O professor Rasoto afirma que um fato que chamou sua atenção foi “a alegria e descontração de todos os colegas professores, com muita vontade de aprender, entender o novo momento, cada um tentando colocar suas dúvidas e preocupações, mas sentindo apoio e carinho para continuarmos com muita confiança. Esta confiança rapidamente se transformou em força para inovação nas metodologias de ensino”.

Surpreendentemente, ao decorrer do semestre, estávamos dando as aulas como se fossem sempre assim, claro que com algumas dificuldades ainda, mas dominamos essas plataformas e pudemos observar, que os elogios dos alunos, que começamos a receber, reforçavam a ideia que estamos no caminho certo.

Para a professora Naiara Johnsson, “mais do que transmitir conhecimento nas aulas on-line, procurei ter uma boa comunicação com os alunos e, mesmo sendo um momento difícil para todos, procurei sempre incentivá-los e motivá-los quanto aos estudos na disciplina. No decorrer do semestre, fui testando várias ferramentas de aprendizagem e, ao mesmo tempo, recebendo feedback sobre as ferramentas com as quais os alunos melhor adaptavam-se. Procurando, também, sempre contribuir de alguma forma na carreira profissional ou pessoal”.

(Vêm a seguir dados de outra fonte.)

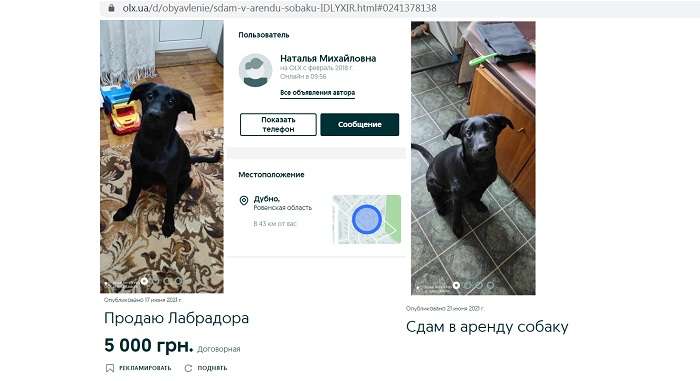 «Здам собаку в оренду для прогулянки, гри або просто для того, що б зрозуміти потрібна вам своя собака чи ні 🙂 Звуть Моллі, порода лабрадор, добра і грайлива, любить дітей. Знає команди: сидіти, лежати, стій, поруч. Є улюблена іграшка кільце, за яким любить бігати. Вартість 150 грн/год + заставна сума 3 000 грн, яка повернеться до вас після повернення вихованця. Якщо оренда вихованця 5 год і більше то сума оренди 100 грн/год», – відзначила жінка.
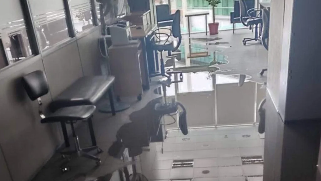 La tormenta del sábado, con lluvia y fuertes vientos, hizo que el granizo tapara las canaletas de los techos de los edificios y el agua ingresara a ellos desde los pisos más altos y llegara hasta el subsuelo. Como consecuencia del fenómeno meteorológico excepcional hubo desprendimientos de cielorraso y daños por goteras en equipos informáticos y en distintas oficinas.
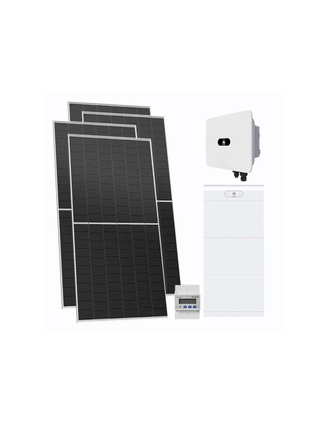 Kit photovoltaïque pour raccordement au réseau avec accumulateurs au lithium Huawei, modules photovoltaïques et onduleurs Huawei.
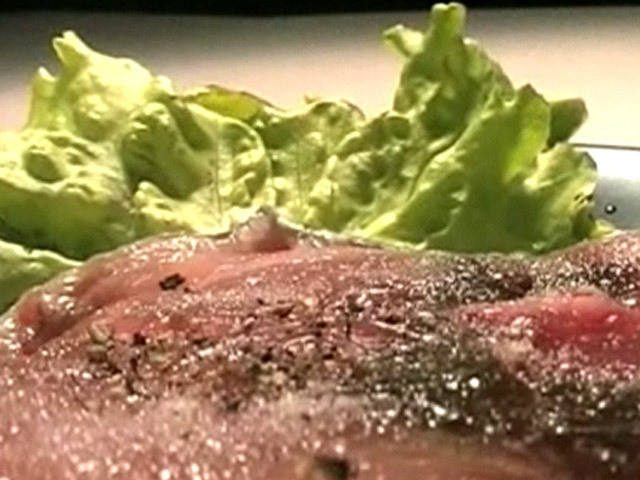 Приготовьте вкусный тунец с помидорами.Состав:тунец — 1 кусок;томатный соус, масло, соль, петрушка.

Sabemos que cada professor adotou técnicas e rotinas próprias. O Professor Luiz Rogério Camargo pode compartilhar as adotadas por ele: “De minha parte, tomei como norte das práticas durante as aulas digitais algumas palavras de ordem. A primeira delas foi COMPREENSÃO: saber que, neste momento atípico, não é possível aplicar os mesmos critérios das aulas presenciais nas aulas on-line [...]”, e “[...] a segunda palavra foi ADEQUAÇÃO: nesse sentido, fiquei mais preocupado em pensar em estratégias que me permitissem passar de modo eficiente aos alunos o conteúdo necessário, mas sem sobrecarregá-los de trabalhos [...]”, e “[...] a terceira foi EMPATIA: sempre que possível, procurei ouvir o que os alunos tinham a dizer, perguntando no que seria possível ajudá-los dentro dos protocolos possíveis. Por fim, procurei manter ainda mais a COERÊNCIA entre o que foi ensinado e o que foi cobrado nas avaliações, flexibilizando processos e abrindo espaço para discussões coletivas nas quais o conhecimento poderia ser construído e assimilado em conjunto”.

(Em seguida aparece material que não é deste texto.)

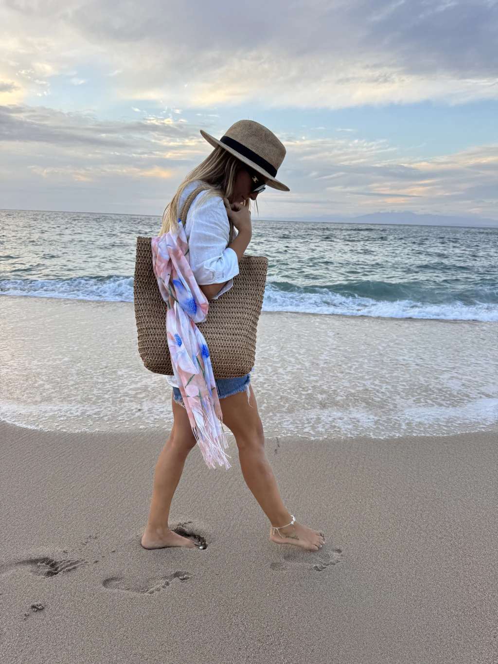 - Pañuelo estampado con flecos en las puntas
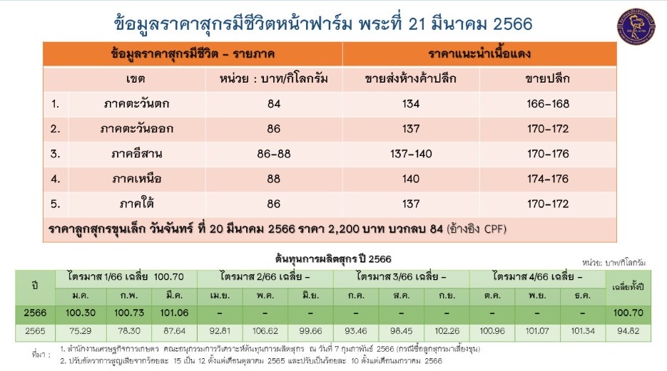 สมาคมผู้เลี้ยงสุกรแห่งชาติรายงานข้อมูลสภาวะตลาดสุกรมีชีวิตหน้าฟาร์มว่า บางพื้นที่ได้ปรับราคาจำหน่ายขึ้นเมื่อวันที่ 21 มีนาคม ซึ่งเป็นการปรับขึ้นครั้งที่ 2 จากที่ปรับครั้งแรกเมื่อวันที่ 14 มีนาคม โดยราคาสุกรหน้าฟาร์มตกต่ำต่อเนื่องและต่ำกว่าต้นทุนการผลิต โดยราคาเมื่อวันที่ 6 มีนาคม อยู่ระหว่าง 76-88 บาทต่อกิโลกรัม ต่อมาเมื่อวันที่ 14 มีนาคม ราคาต่ำสุดปรับขึ้นมาอยู่ที่ 80 บาทต่อกิโลกรัม และสูงสุดยังทรงตัวที่ 88 บาทต่อกิโลกรัม โดยเป็นผลจากการประชุมร่วมของผู้เลี้ยงสุกรแต่ละภูมิภาค ที่เห็นว่าราคาหน้าฟาร์มยังคงต่ำกว่าต้นทุนการเลี้ยงเฉลี่ยของไตรมาส 1/2566 ที่ 100.70 บาทต่อกิโลกรัม ประกอบกับทุกภูมิภาคมีผลผลิตสุกรลดลงทั้งปริมาณและน้ำหนักสุกรขุนรอการจำหน่าย จึงมีมติปรับฐานราคาหน้าฟาร์มจากการจำหน่ายจริงระหว่างสัปดาห์บวก 4 บาทต่อกิโลกรัม เพื่อลดความเสียหายให้เกษตรกร
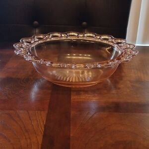pink in color, 1930-1935 Anchor Hocking glass bowl.

A professora Iara Lang preparou vídeos curtos sobre o conteúdo da semana e o aluno precisava assistir os vídeos nos minutos iniciais da aula para que na sequência eu pudesse ministrar a explicação e ele pudesse fazer em aula exercícios do conteúdo. E assim, a professora Iara afirma “[...] de forma mágica eles aprenderam Cálculo Diferencial e Integral, Álgebra Linear e Estatística. Apesar de distante fisicamente, todo esse processo uniu mais os professores e a FAE como um todo”.

O professor Willian Valverde declarou de maneira muito otimista: “com o passar do tempo, e também com a ajuda obtida pelos cursos da FAE, fui aprendendo como organizar melhor a minha aula, minha rotina de trabalho e como produzir um material bom para os alunos. O sentimento é de dever cumprido, de gratidão, de orgulho pela superação e de felicidade pelo retorno recebido. Hoje, com toda certeza, sou um professor melhor e tudo o que aprendi continuarei utilizando em minhas aulas”.

Essa pandemia veio, de certa forma, para nos ensinar também, pois nos ensinou muitas coisas que puderam agregar não só no nosso conhecimento técnico, mas também no nosso humanismo.

Com esses relatos, a FAE gostaria de agradecer a todos os professores pela dedicação que estão tendo nesse momento. E se você também tiver um depoimento motivador e quiser compartilhar com os demais colegas, nos envie para que possamos nos motivar cada vez mais!